Higher pension levy hits Ahern and Cowen - by €80 a week

High earners will still keep the vast majority of their huge pensions, as Brendan Howlin admits there is little the government can do.

THE MASSIVE PENSIONS of former taoisigh Bertie Ahern and Brian Cowen will be cut by the government’s new plans for cutting public pensions – but only by around €80 a week.

Plans announced in the Dail last night by public expenditure minister Brendan Howlin outlined how the government would put a 20 per cent levy – essentially a tax – on any pensions above €100,000 per year.

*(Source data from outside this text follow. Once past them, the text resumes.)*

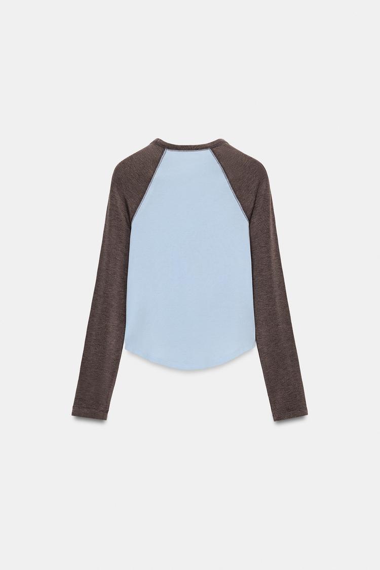 ZARA ФУТБОЛКА РЕГЛАН С КОНТРАСТНЫМИ ДЕТАЛЯМИ, ГОЛУБОЙ
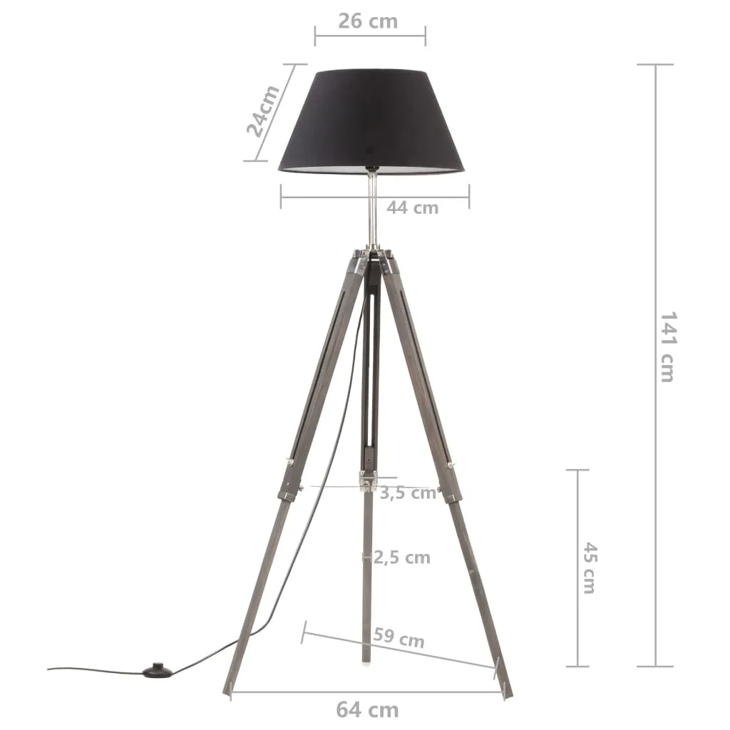 tinkaro Stativlampe BALYS Teak Massivholz 062822 Stehlampe Wohnzimmerleuchter Schwarz/Gold
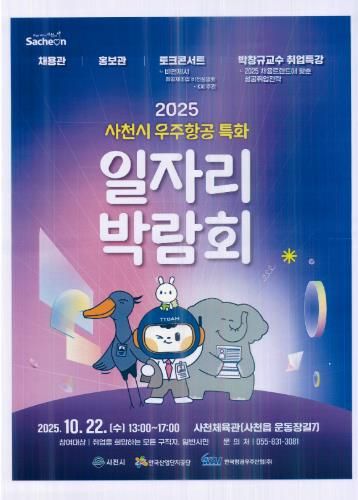[경남도민뉴스=변정형 기자] 사천시는 오는 10월 22일 항공산업 관련 기업을 대상으로 지역 여건에 맞는 특색있는 ‘2025년 사천시 우주항공특화 일자리박람회’를 개최한다고 28일 밝혔다.
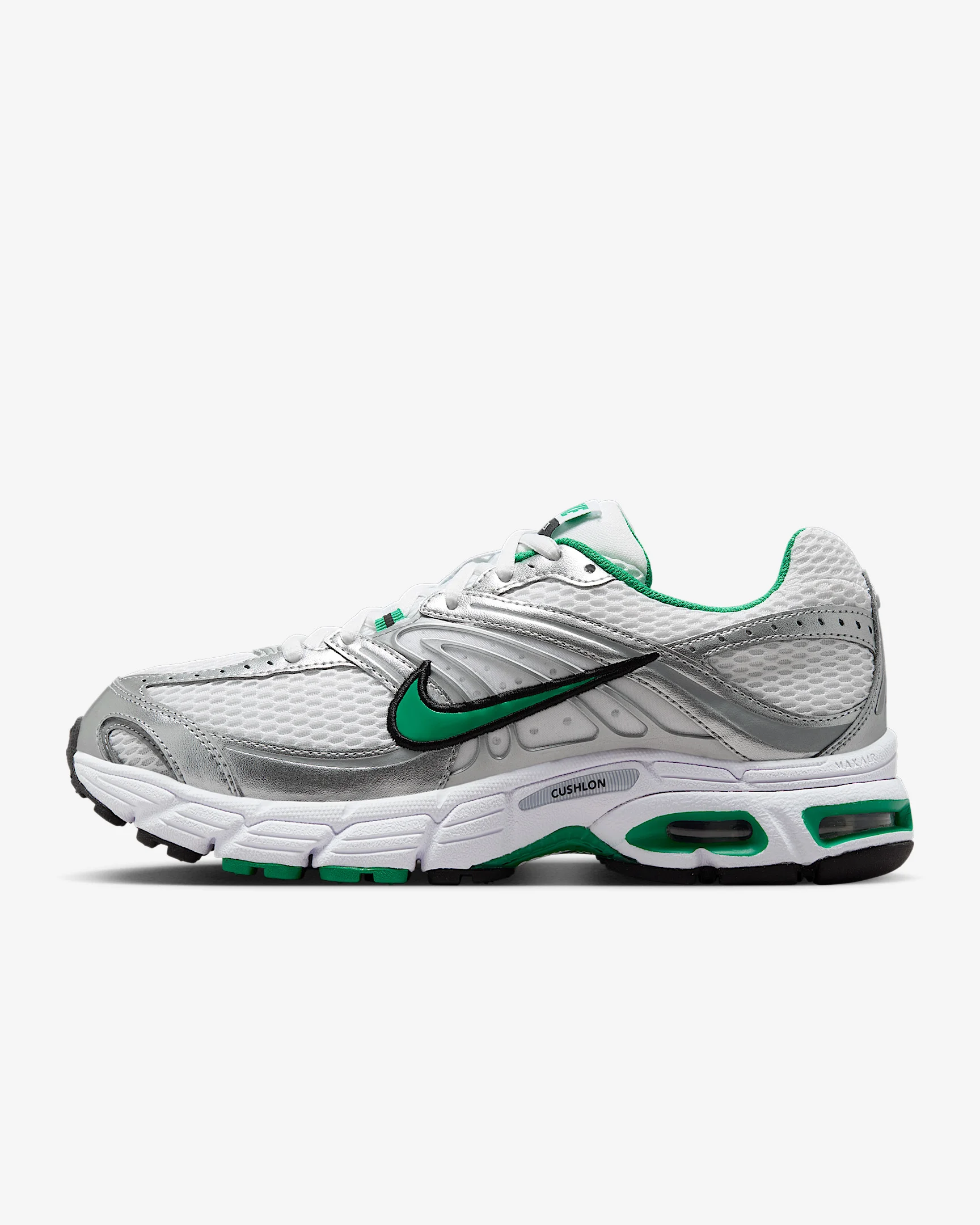 Familiar yet fresh, the Air Max Moto 2K is ready to go for a ride. Metallic accents compliment performance-inspired details and Max Air cushioning. Benefits - Upper mixes synthetic leather and textile for a layered look built to last. - Plush and comfortable, Max Air cushioning has just the right amount of support. - Rubber outsole provides durable traction. Product Details - Shown: White/Metallic Silver/Black/Stadium Green - Style: HQ2056-102
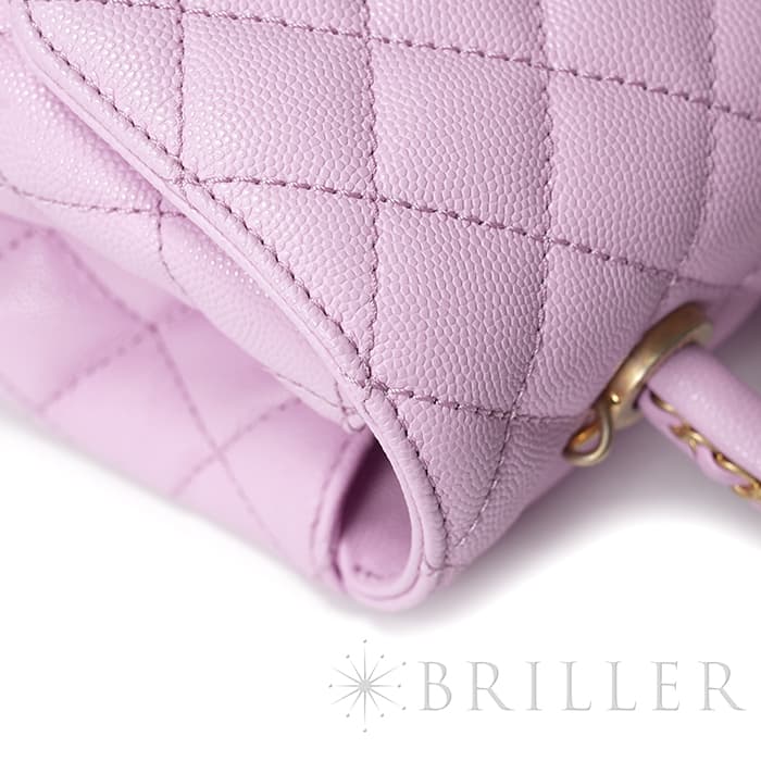 ふっくらとしたキルティングが特徴の「マトラッセ」は、シャネルを代表するバッグのひとつです。フェミニンな可愛らしいピンクで素材には傷や汚れに強いキャビアスキンを使用。型崩れしにくくなる効果があるキルティング加工を施すことで、リッチな質感だけでなく、デイリーユースしやすい実用性をも実現しています。サイズは人気の24、ハンドバックとして、付属のショルダーストラップを使って肩掛けスタイルで、と様々なシーンでエレガントでキュートなコーディネートを楽しめ、一つは欲しい万能バッグです。
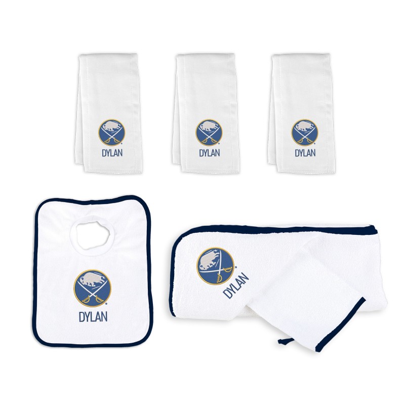 - Includes 3 personalized burp cloths, a personalized pullover bib, and a personalized hooded towel and wash mitt
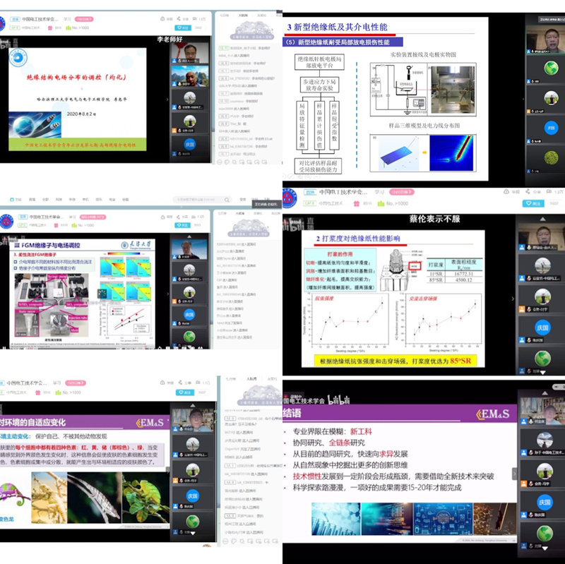 在嘉宾访谈环节,6位报告专家以及合肥工业大学丁立健教授、哈尔滨理工大学赵洪教授围绕着高场绝缘领域的近期研究热点展开了热烈的讨论,并分别回答了参与者的部分线上提问。访谈话题涉及到了高场绝缘中的暂态电场调控、高压直流电缆材料耐电强度提高、特高压换流变压器绝缘设计等关键科学问题和技术问题,研讨内容从基础理论、技术方法、研究体系到工程应用,为国内电工技术领域未来能拥有更多的自主核心技术提供了清晰的思路,为广大青年学者继续深入研究指明了方向。
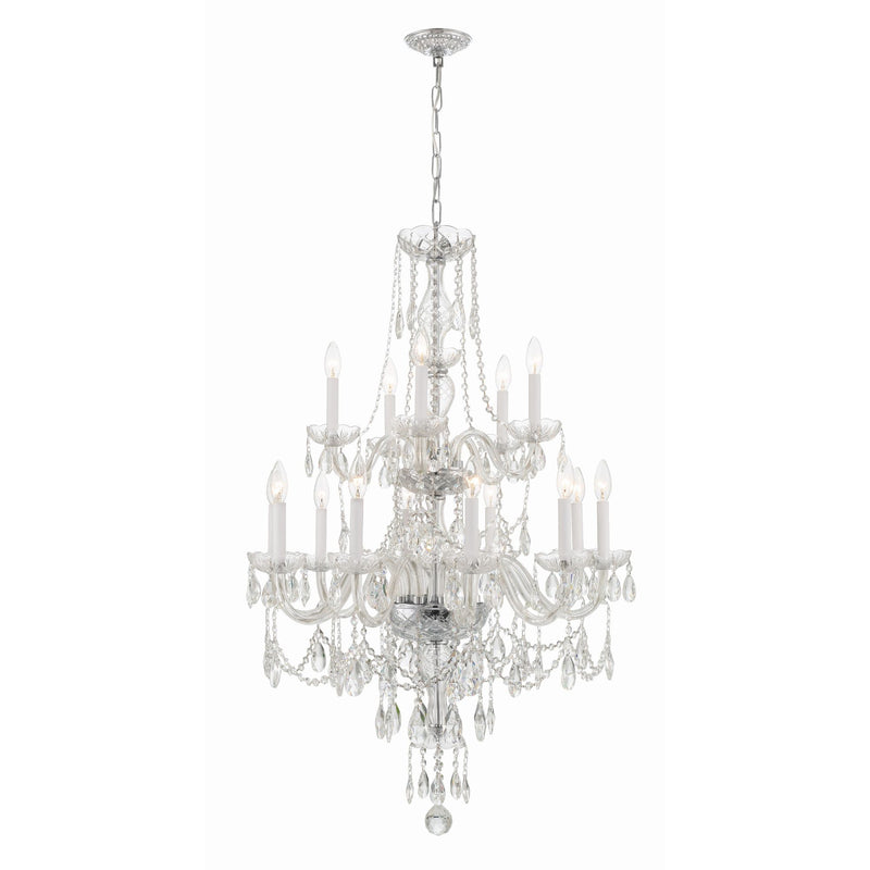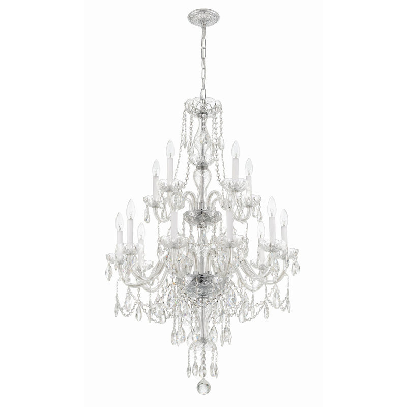 Traditional Crystal 15 Light Hand Cut Crystal Polished Chrome Chandelier Hand Cut Crystal 32"W x 43.75"H x 32"D

The new levy will mean that people on pensions worth €150,000 a year will lose around 12.5 per cent of their overall entitlement – but with the majority of those levies already being in place, the new rules will mean large earners may barely notice the cuts to their pensions.

Former taoiseach Bertie Ahern – who €152,332 annual pension is the highest of any former minister – will see his pension levied by a further €4186.53, the equivalent of €80.51 per week.

Brian Cowen, whose annual pension is just under Ahern’s at €151,061 a year, will lose €78.56 a week, or €4084.94 over the course of a year.

The levy will also apply to former president Mary McAleese, who is entitled to half of her existing salary – of some €325,000 a year – as an annual pension.

Her yearly income, of €162,754, will be reduced by a further €5,020 per year on top of the levies that she is already required to pay.

Speaking on RTÉ’s Morning Ireland, Howlin admitted that there was little that the government could do to reduce the pensions by more, because public servants have legally earned the pensions to which they are now entitled.

“We’re trying to undo decades of profligate pay and pension provision, laid down in law, in contract deals and so on. It’s been an extremely difficult process,” the minister said.

“There is no civil servant earning more than €200,000 now… We’ve a way to go, but we have to do it within the confines of the legal instruments and the constitution.”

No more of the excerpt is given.